Rent-to-Own Your Home: The Pros and Cons

A rent-to-own home can present solutions to both buyers and sellers in a difficult position. For buyers, there is an option to begin living in and making payments on a home for purchase without first having to make a down payment. For sellers, there is an option to more to a new home prior to selling your previous residence, which can be critical in a slow housing market. In some cases, one of the parties will choose to terminate the contract because the disadvantages of the sale outweigh the advantages.

Pros to a Buyer

A buyer gets to live in a home to try it out for a few years before committing to a sale. This can be advantageous if the buyer is not exactly sure whether the home, neighborhood or other factors will meet his or her unique needs. It is also advantageous because the buyer can enter the lease with no money down. First-time home buyers, those recovering from bankruptcy or those currently ineligible for a mortgage are good candidates for this reason. They can make payments to cover the sellers mortgage, plus an additional small sum to the rent-to-own contract, in order to be eligible to purchase the home in the future.

Pros to a Seller

Sellers often have to capitalize on rent-to-own options when they need to leave their current house before it has sold. This can happen due to relocation, but it is often a symptom of a very slow real estate market. This is a great alternative to a short sale. The seller is able to get out of mortgage payments but avoid selling the home at the bottom of the market. Sellers may also have more time to contribute to principal debt, lowering the amount owed on the home after sale does occur.

Cons to a Buyer

Rent-to-own options cover a mortgage plus an additional fee. This means the monthly payments will be higher than a traditional rental unit. If the buyer chooses not to execute the option to purchase, any payments made to the down payment that would be used to purchase the home will be lost. Further, if a buyer does end up purchasing the property, the expenses paid to the home so far plus the cost to purchase the home will be higher than if the buyer simply purchased the home in the beginning instead of renting temporarily. 

Cons to a Seller

There is no guarantee the contract will go through.

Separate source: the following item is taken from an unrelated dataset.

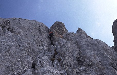 Vom Stand die Schlucht rechts empor bis zu BH (Ringhaken, man kann auch hier Stand machen), 20m II. Nicht weiter die Schlucht hinauf, sondern links über eine gestufte Wand zu Stand bei einem Köpfel direkt an der Kante
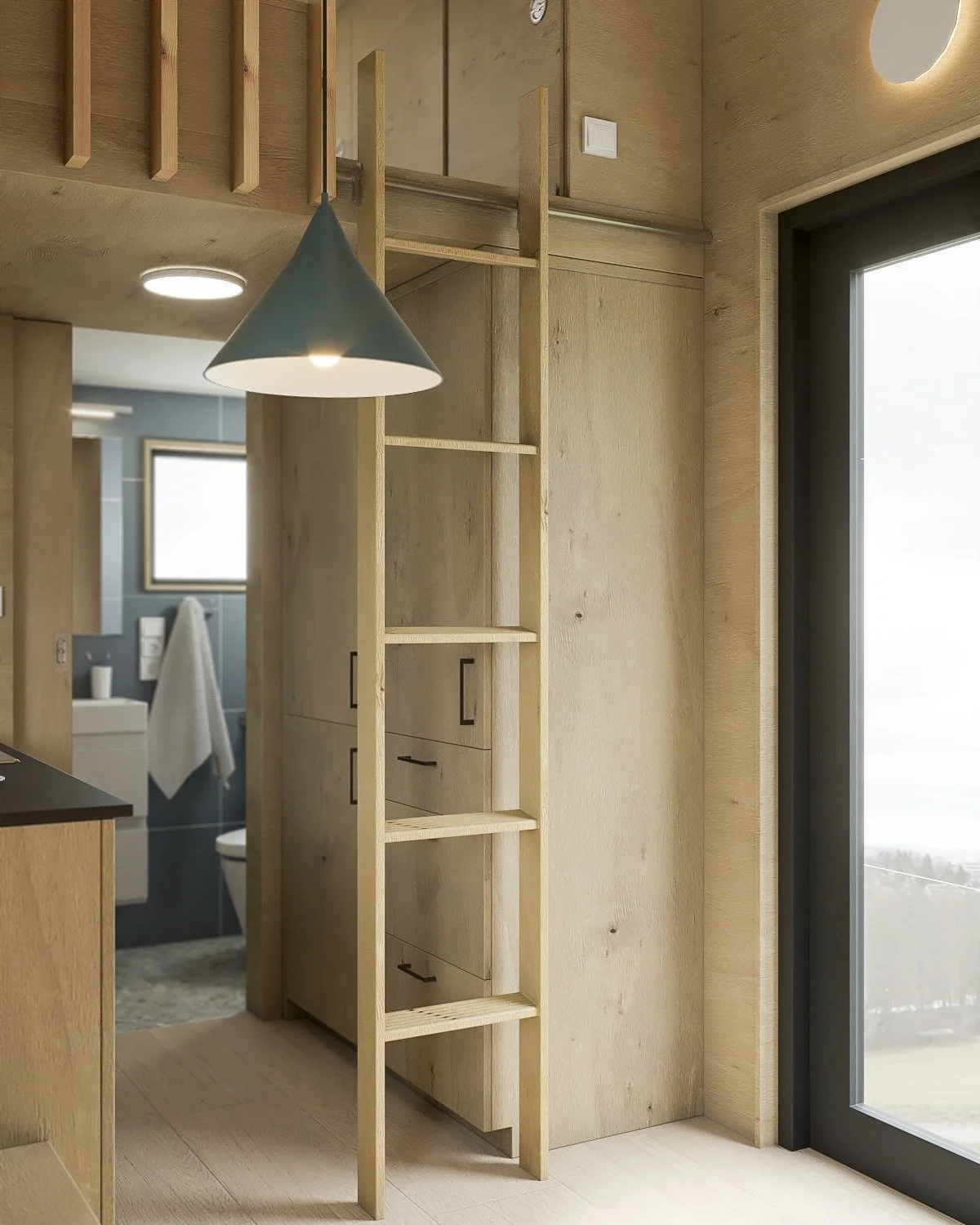 TY er et mikrohus som kombinerer romfølelse og fleksibilitet. To hemser, en sovesofa og et kompakt kjøkken gir opptil fem sengeplasser. Håndlagde møbler fra OWN Studio og energiløsninger som sikrer helårskomfort gjør huset egnet som bolig, anneks eller fritidshus.

This means the seller may be out of luck after another few years, back in the same position with a home unsold. Further, at that point, the leaser may have actually done damage to the property. The contract stipulates the condition the home must be maintained in, but it is all too common for individual renters to ignore these stipulations. It can be hard to recover payments from a borrower who has not maintained a property. Any seller who allows another individual to live in a home he or she does not yet own is exposed to a tremendous amount of liability in this manner.